The MongoDB connector is not part of the binary distribution. See how to link with it for cluster execution here.

How to create a MongoDB table #

The MongoDB table can be defined as following:

-- register a MongoDB table 'users' in Flink SQL
CREATE TABLE MyUserTable (
  _id STRING,
  name STRING,
  age INT,
  status BOOLEAN,
  PRIMARY KEY (_id) NOT ENFORCED
) WITH (
   'connector' = 'mongodb',
   'uri' = 'mongodb://user:password@127.0.0.1:27017',
   'database' = 'my_db',
   'collection' = 'users'
);

-- write data into the MongoDB table from the other table "T"
INSERT INTO MyUserTable
SELECT _id, name, age, status FROM T;

-- scan data from the MongoDB table
SELECT id, name, age, status FROM MyUserTable;

-- temporal join the MongoDB table as a dimension table
SELECT * FROM myTopic
LEFT JOIN MyUserTable FOR SYSTEM_TIME AS OF myTopic.proctime
ON myTopic.key = MyUserTable._id;

Connector Options #

Option Required Forwarded Default Type Description
connector
required no (none) String Specify what connector to use, here should be 'mongodb'.
uri
required yes (none) String The MongoDB connection uri.
database
required yes (none) String The name of MongoDB database to read or write.
collection
required yes (none) String The name of MongoDB collection to read or write.
scan.fetch-size
optional yes 2048 Integer Gives the reader a hint as to the number of documents that should be fetched from the database per round-trip when reading.
scan.cursor.no-timeout
optional yes true Boolean MongoDB server normally times out idle cursors after an inactivity period (10 minutes) to prevent excess memory use.

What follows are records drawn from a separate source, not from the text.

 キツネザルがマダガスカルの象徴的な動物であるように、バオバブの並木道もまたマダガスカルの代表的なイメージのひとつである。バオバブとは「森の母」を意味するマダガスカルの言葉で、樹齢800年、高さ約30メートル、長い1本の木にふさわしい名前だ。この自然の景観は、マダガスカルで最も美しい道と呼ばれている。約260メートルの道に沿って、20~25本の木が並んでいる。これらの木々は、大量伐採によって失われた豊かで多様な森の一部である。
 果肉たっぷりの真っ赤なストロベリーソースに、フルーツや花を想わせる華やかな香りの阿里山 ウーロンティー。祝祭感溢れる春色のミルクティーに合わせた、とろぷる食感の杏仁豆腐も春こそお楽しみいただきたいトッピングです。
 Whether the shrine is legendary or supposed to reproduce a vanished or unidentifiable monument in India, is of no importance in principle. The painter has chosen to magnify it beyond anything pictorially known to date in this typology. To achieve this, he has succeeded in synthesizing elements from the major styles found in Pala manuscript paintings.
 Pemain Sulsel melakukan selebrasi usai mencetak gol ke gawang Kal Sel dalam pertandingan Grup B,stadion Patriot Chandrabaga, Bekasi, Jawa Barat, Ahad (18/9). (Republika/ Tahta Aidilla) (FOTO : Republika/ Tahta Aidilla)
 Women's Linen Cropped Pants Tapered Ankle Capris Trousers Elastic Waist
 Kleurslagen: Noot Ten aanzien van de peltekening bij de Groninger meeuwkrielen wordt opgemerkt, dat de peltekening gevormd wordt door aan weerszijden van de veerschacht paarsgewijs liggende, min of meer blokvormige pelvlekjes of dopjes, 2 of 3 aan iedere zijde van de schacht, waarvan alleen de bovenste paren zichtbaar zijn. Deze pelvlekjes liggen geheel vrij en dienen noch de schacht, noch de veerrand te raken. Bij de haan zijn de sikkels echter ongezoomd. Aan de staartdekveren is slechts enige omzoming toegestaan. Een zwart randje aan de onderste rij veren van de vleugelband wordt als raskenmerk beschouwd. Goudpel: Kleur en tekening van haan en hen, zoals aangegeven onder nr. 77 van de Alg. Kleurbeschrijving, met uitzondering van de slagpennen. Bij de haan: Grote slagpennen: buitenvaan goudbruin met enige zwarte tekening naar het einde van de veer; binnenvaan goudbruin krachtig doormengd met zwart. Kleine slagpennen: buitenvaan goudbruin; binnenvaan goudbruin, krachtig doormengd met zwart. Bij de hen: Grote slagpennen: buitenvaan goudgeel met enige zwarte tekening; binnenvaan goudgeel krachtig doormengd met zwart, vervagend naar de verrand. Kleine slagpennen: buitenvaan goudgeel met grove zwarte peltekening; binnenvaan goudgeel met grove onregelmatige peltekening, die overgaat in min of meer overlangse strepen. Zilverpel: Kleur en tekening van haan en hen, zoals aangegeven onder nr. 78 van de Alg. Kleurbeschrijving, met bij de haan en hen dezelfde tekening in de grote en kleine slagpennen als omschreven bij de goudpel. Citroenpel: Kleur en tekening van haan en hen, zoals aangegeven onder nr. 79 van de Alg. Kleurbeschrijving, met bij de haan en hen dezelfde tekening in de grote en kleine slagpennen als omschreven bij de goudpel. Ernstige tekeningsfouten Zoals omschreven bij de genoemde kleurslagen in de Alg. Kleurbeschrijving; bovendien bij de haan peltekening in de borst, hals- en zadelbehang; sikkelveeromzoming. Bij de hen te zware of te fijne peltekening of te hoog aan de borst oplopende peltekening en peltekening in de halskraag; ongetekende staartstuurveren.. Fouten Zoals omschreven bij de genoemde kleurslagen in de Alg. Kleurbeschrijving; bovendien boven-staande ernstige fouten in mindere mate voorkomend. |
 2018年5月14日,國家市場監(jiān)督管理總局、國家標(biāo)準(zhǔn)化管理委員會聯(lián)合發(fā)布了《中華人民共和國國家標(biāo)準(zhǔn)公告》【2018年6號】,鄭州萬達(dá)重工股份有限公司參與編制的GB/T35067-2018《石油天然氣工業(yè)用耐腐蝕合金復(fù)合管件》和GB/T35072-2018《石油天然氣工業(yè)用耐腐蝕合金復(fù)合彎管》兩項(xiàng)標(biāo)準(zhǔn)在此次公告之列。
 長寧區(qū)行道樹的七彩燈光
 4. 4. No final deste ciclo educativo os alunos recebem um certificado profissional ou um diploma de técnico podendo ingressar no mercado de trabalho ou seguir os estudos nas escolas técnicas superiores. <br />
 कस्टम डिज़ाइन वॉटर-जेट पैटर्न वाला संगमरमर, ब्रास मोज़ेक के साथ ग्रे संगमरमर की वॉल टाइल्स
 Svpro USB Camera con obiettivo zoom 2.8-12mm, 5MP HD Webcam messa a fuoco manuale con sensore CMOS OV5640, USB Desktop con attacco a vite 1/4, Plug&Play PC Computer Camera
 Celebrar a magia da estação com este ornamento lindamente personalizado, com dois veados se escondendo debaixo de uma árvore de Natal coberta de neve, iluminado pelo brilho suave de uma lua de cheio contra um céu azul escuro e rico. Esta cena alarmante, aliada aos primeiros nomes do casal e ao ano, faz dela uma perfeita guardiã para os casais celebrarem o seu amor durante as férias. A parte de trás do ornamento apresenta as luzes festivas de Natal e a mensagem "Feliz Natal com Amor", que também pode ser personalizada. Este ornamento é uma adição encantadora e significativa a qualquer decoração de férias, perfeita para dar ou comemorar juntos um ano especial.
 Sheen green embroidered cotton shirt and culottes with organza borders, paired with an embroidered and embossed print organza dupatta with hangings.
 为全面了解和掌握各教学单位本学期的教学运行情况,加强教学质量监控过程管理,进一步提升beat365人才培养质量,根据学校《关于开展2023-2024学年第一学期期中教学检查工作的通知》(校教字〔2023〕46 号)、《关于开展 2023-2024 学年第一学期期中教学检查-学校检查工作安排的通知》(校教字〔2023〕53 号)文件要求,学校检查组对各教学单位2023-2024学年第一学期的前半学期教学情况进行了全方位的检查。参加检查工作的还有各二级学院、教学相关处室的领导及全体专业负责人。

Set this option to true to prevent that. However, if the application takes longer than 30 minutes to process the current batch of documents, the session is marked as expired and closed.
scan.partition.strategy
optional no default String Specifies the partition strategy. Available strategies are `single`, `sample`, `split-vector`, `sharded` and `default`. See the following Partitioned Scan section for more details.
scan.partition.size
optional no 64mb MemorySize Specifies the partition memory size.
scan.partition.samples
optional no 10 Integer Specifies the samples count per partition. It only takes effect when the partition strategy is sample. The sample partitioner samples the collection, projects and sorts by the partition fields. Then uses every `scan.partition.samples` as the value to use to calculate the partition boundaries. The total number of samples taken is calculated as: `samples per partition * (count of documents / number of documents per partition)`.
lookup.cache
optional no NONE

Enum

Possible values: NONE, PARTIAL
The cache strategy for the lookup table. Currently supports NONE (no caching) and PARTIAL (caching entries on lookup operation in external database).
lookup.partial-cache.max-rows
optional no (none) Long The max number of rows of lookup cache, over this value, the oldest rows will be expired. "lookup.cache" must be set to "PARTIAL" to use this option. See the following Lookup Cache section for more details.
lookup.partial-cache.expire-after-write
optional no (none) Duration The max time to live for each rows in lookup cache after writing into the cache. "lookup.cache" must be set to "PARTIAL" to use this option. See the following Lookup Cache section for more details.
lookup.partial-cache.expire-after-access
optional no (none) Duration The max time to live for each rows in lookup cache after accessing the entry in the cache. "lookup.cache" must be set to "PARTIAL" to use this option. See the following Lookup Cache section for more details.
lookup.partial-cache.caching-missing-key
optional no true Boolean Whether to store an empty value into the cache if the lookup key doesn't match any rows in the table. "lookup.cache" must be set to "PARTIAL" to use this option.
lookup.max-retries
optional no 3 Integer The max retry times if lookup database failed.
lookup.retry.interval
optional no 1s Duration Specifies the retry time interval if lookup records from database failed.
sink.buffer-flush.max-rows
optional yes 1000 Integer Specifies the maximum number of buffered rows per batch request.
sink.buffer-flush.interval
optional yes 1s Duration Specifies the batch flush interval.
sink.max-retries
optional yes 3 Integer The max retry times if writing records to database failed.
sink.retry.interval
optional yes 1s Duration Specifies the retry time interval if writing records to database failed.
sink.parallelism
optional no (none) Integer Defines the parallelism of the MongoDB sink operator. By default, the parallelism is determined by the framework using the same parallelism of the upstream chained operator.
sink.delivery-guarantee
optional no at-lease-once

Enum

Possible values: none, at-least-once
Optional delivery guarantee when committing. The exactly-once guarantee is not supported yet.

Features #

Key handling #

The MongoDB sink can work in either upsert mode or append mode, depending on whether a primary key is defined. If a primary key is defined, the MongoDB sink works in upsert mode which can consume queries containing UPDATE/DELETE messages. If a primary key is not defined, the MongoDB sink works in append mode which can only consume queries containing INSERT only messages.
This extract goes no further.